DATA SUPPLIED

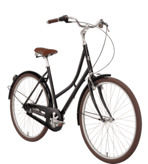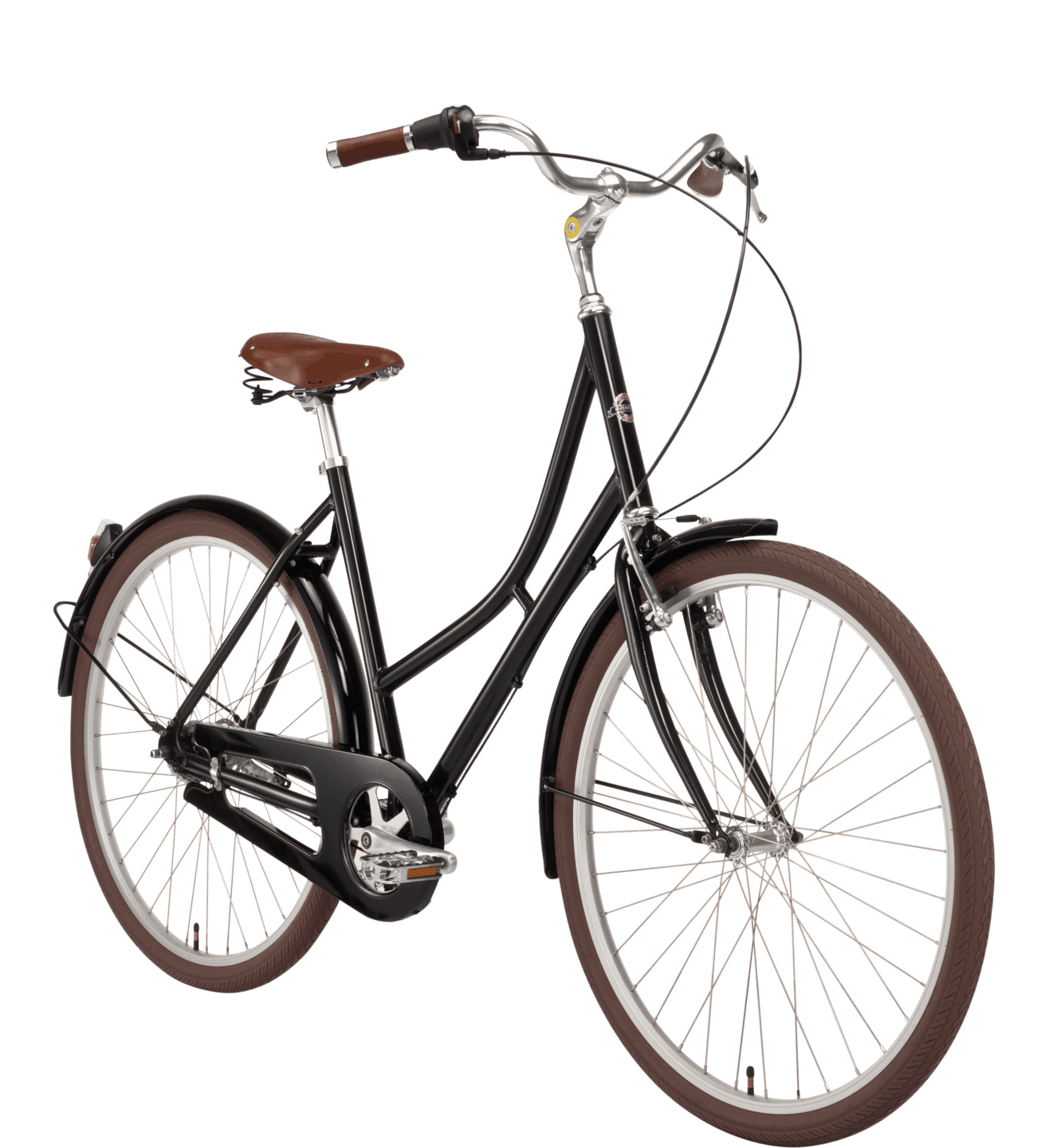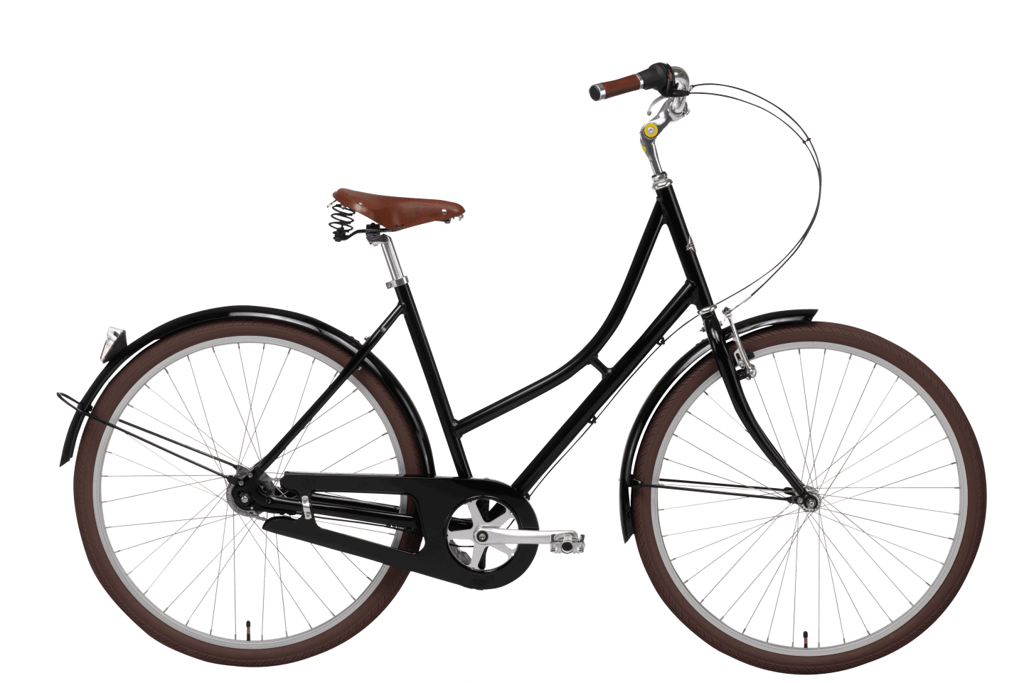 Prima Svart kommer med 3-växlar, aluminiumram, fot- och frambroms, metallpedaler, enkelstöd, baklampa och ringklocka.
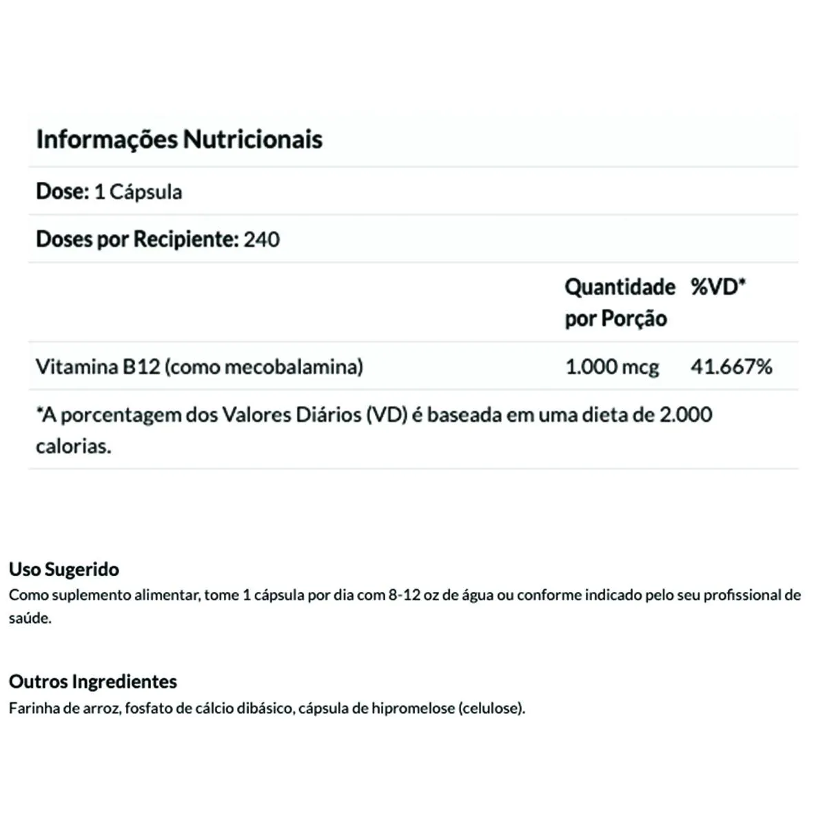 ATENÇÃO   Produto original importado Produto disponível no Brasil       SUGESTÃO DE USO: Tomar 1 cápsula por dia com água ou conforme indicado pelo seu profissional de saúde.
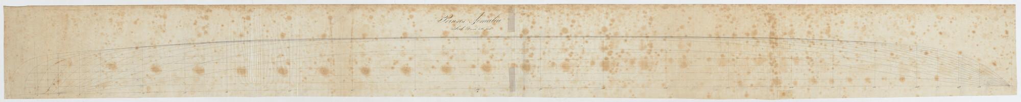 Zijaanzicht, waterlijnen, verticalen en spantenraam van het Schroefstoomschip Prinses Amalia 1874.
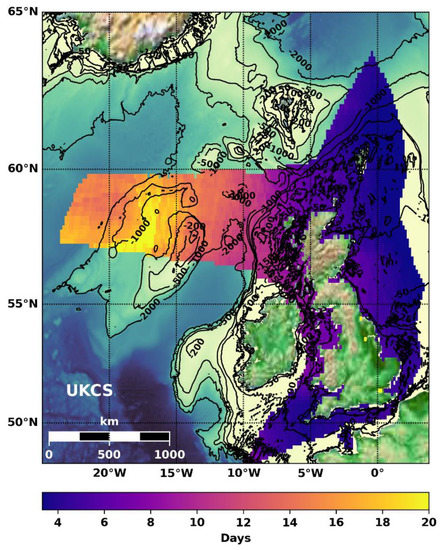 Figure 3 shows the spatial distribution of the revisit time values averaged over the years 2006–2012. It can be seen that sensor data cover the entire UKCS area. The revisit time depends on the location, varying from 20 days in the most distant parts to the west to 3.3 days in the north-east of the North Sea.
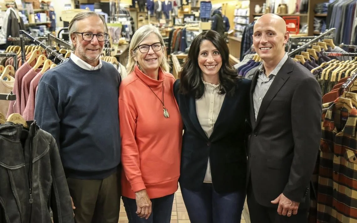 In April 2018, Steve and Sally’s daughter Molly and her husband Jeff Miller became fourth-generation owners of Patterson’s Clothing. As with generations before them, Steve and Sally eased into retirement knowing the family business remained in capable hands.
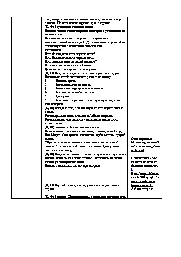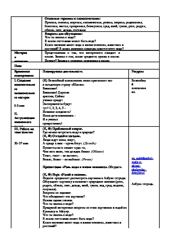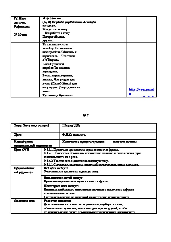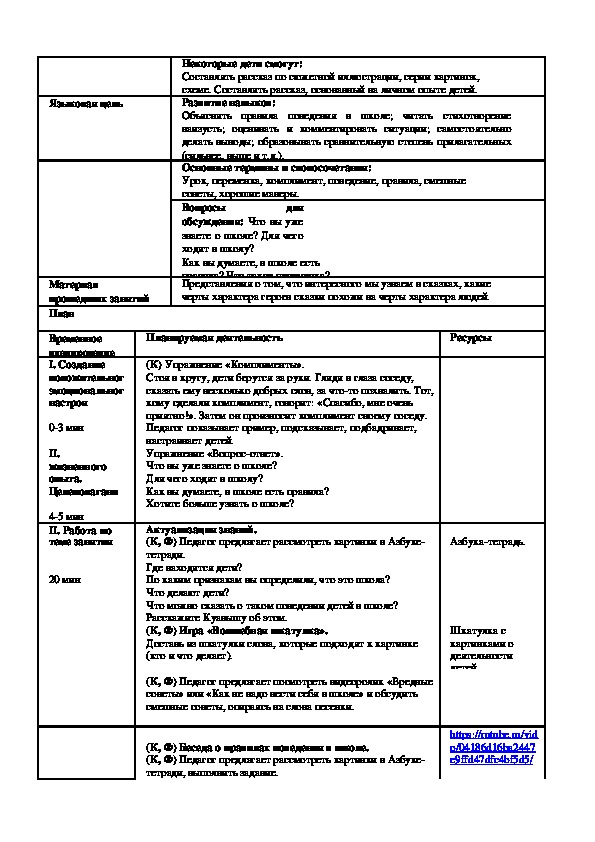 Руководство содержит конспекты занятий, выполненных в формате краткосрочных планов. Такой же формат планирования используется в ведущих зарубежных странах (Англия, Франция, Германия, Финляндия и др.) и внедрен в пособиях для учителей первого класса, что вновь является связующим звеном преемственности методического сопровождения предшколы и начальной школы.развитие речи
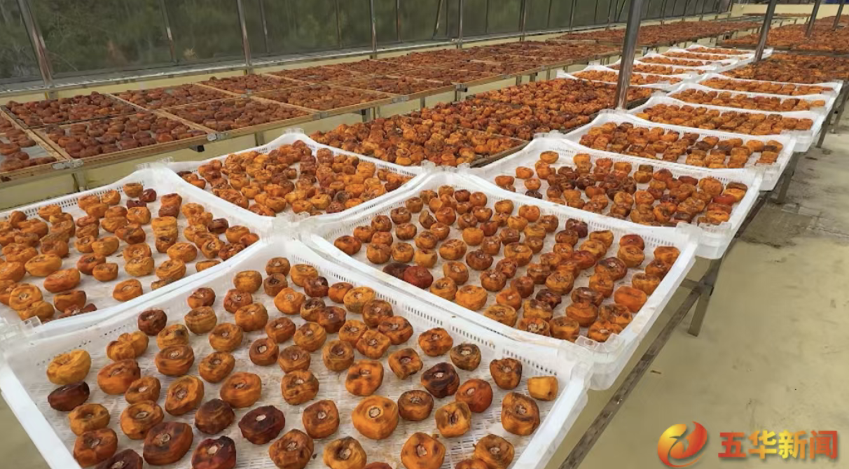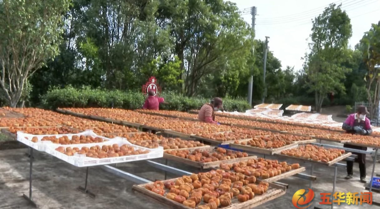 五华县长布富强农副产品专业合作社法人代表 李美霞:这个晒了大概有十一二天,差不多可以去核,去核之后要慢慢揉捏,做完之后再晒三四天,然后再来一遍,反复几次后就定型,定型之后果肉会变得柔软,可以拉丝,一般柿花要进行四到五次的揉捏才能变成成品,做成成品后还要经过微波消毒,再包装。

EXERCISE BRIEF
What you give back must be exactly the lines of the listing above from the line containing "In April 2018, Steve" through its last line, inclusive, without pictures, please.

ANSWER SPACE
 In April 2018, Steve and Sally’s daughter Molly and her husband Jeff Miller became fourth-generation owners of Patterson’s Clothing. As with generations before them, Steve and Sally eased into retirement knowing the family business remained in capable hands.
 Руководство содержит конспекты занятий, выполненных в формате краткосрочных планов. Такой же формат планирования используется в ведущих зарубежных странах (Англия, Франция, Германия, Финляндия и др.) и внедрен в пособиях для учителей первого класса, что вновь является связующим звеном преемственности методического сопровождения предшколы и начальной школы.развитие речи
 五华县长布富强农副产品专业合作社法人代表 李美霞:这个晒了大概有十一二天,差不多可以去核,去核之后要慢慢揉捏,做完之后再晒三四天,然后再来一遍,反复几次后就定型,定型之后果肉会变得柔软,可以拉丝,一般柿花要进行四到五次的揉捏才能变成成品,做成成品后还要经过微波消毒,再包装。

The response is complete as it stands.